## [DATA SHOWN]

Segment Open

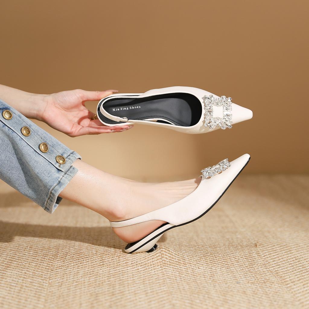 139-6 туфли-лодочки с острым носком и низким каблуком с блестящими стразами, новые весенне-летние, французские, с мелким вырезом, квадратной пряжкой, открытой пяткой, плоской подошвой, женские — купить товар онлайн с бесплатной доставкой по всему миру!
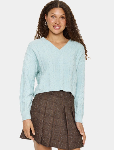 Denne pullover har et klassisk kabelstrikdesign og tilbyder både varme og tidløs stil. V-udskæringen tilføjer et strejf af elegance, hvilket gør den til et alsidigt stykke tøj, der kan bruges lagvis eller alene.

Segment Closed
Segment Open

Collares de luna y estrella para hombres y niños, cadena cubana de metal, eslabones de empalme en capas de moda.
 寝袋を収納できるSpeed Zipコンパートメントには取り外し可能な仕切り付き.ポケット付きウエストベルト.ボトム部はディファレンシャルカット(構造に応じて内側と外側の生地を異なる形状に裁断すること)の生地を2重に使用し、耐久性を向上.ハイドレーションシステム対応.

Segment Closed
Segment Open

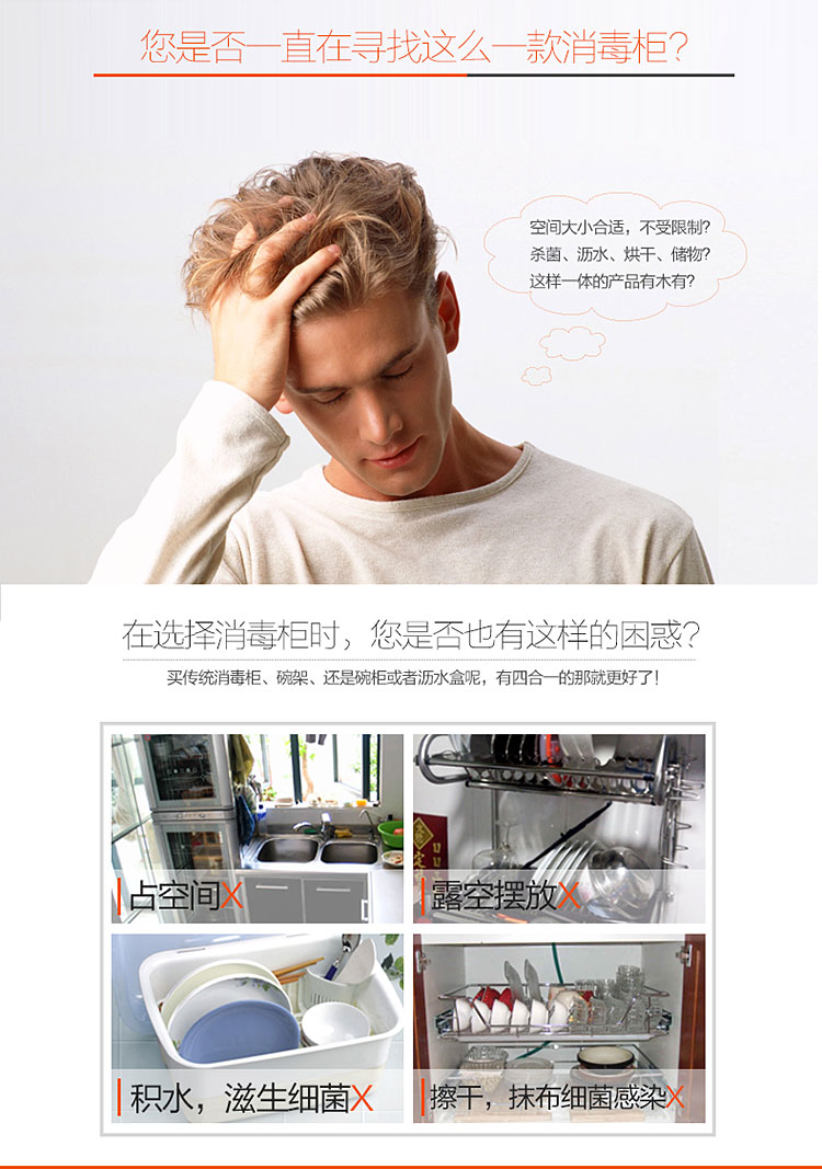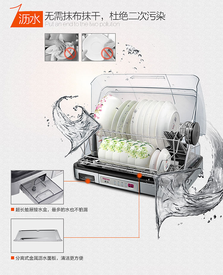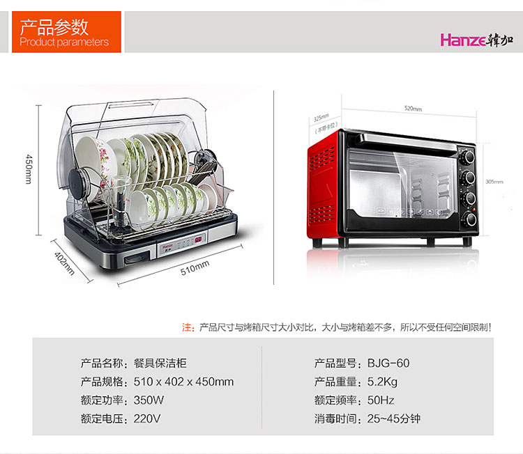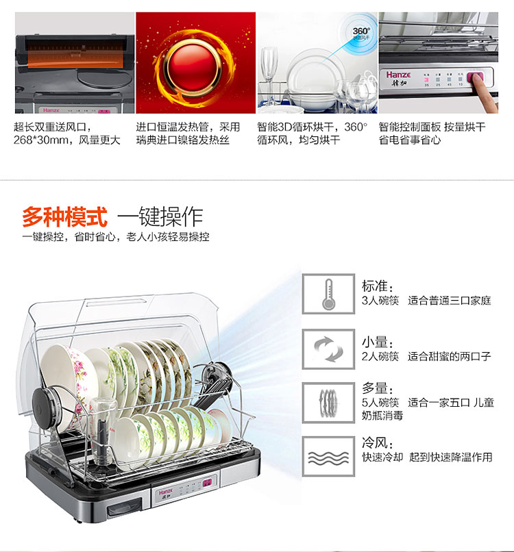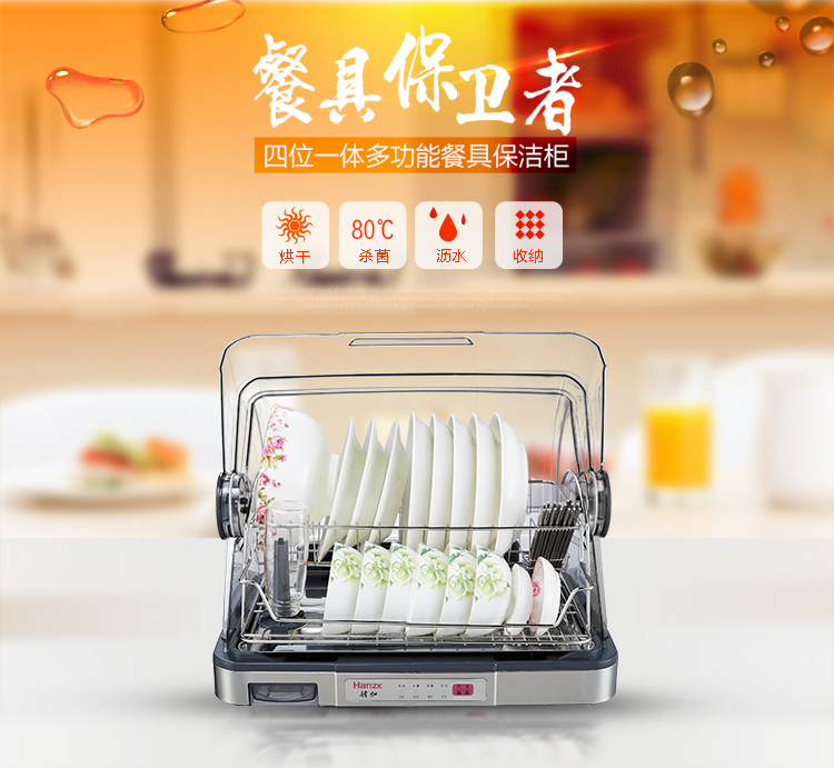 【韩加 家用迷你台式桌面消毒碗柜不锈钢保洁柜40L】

Segment Closed

## [WHAT IS REQUIRED]
Looking at the records above, return exactly the lines from the line with "Collares de luna" to the line with "寝袋を収納できるSpeed Zipコンパ", both ends included.

## [SOLUTION FOR THIS TASK]
Collares de luna y estrella para hombres y niños, cadena cubana de metal, eslabones de empalme en capas de moda.
 寝袋を収納できるSpeed Zipコンパートメントには取り外し可能な仕切り付き.ポケット付きウエストベルト.ボトム部はディファレンシャルカット(構造に応じて内側と外側の生地を異なる形状に裁断すること)の生地を2重に使用し、耐久性を向上.ハイドレーションシステム対応.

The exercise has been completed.